Re: bytea encode performance issues

"Merlin Moncure" <mmoncure@xxxxxxxxx> · Thu, 7 Aug 2008 09:38:22 -0400

On Thu, Aug 7, 2008 at 1:16 AM, Sim Zacks <sim@xxxxxxxxxxxxxx> wrote:
>
>> I don't quite follow that...the whole point of utf8 encoded database
>> is so that you can use text functions and operators without the bytea
>> treatment.  As long as your client encoding is set up properly (so
>> that data coming in and out is computed to utf8), then you should be
>> ok.  Dropping to ascii is usually not the solution.  Your data
>> inputting application should set the client encoding properly and
>> coerce data into the unicode text type...it's really the only
>> solution.
>>
> Email does not always follow a specific character set. I have tried
> converting the data that comes in to utf-8 and it does not always work.
> We receive Hebrew emails which come in mostly 2 flavors, UTF-8 and
> windows-1255. Unfortunately, they are not compatible with one another.
> SQL-ASCII and ASCII are different as someone on the list pointed out to
> me. According to the documentation, SQL-ASCII makes no assumption about
> encoding, so you can throw in any encoding you want.
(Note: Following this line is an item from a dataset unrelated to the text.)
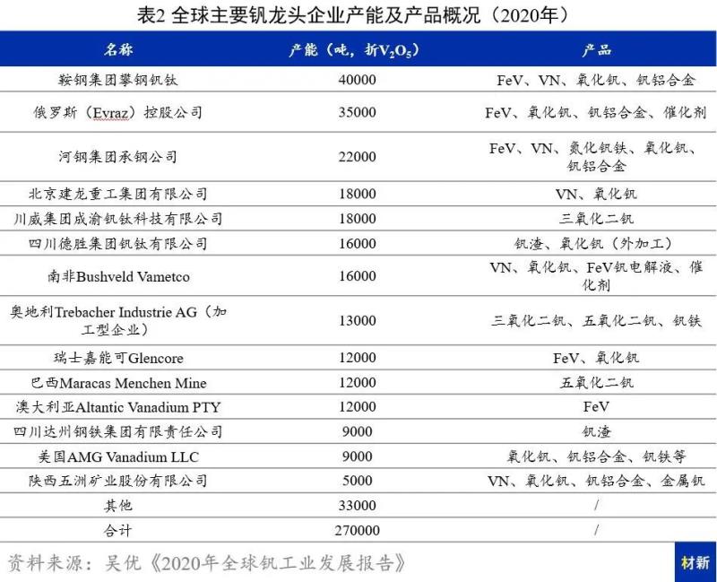 攀鋼釩鈦產(chǎn)能第一,釩資源企業(yè)積極布局釩電池領(lǐng)域。

no, you can't! SQL-ASCII means that the database treats everything
like ascii.  This means that any operation that deals with text could
(and in the case of Hebrew, almost certianly will) be broken.  Simple
things like getting the length of a string will be wrong.  If you are
accepting unicode input, you absolutely must be using a unicode
encoded backend.

If you are accepting text of different encodings from the client, you
basically have two choices:
a) set client_encoding on the fly to whatever text the client is encoded in
b) pick an encoding (utf8) and convert all text to that before sending
it to the database (preferred)

you pretty much have to go with option 'b' if you are accepting any
text for which there is no supported client encoding translation.

merlin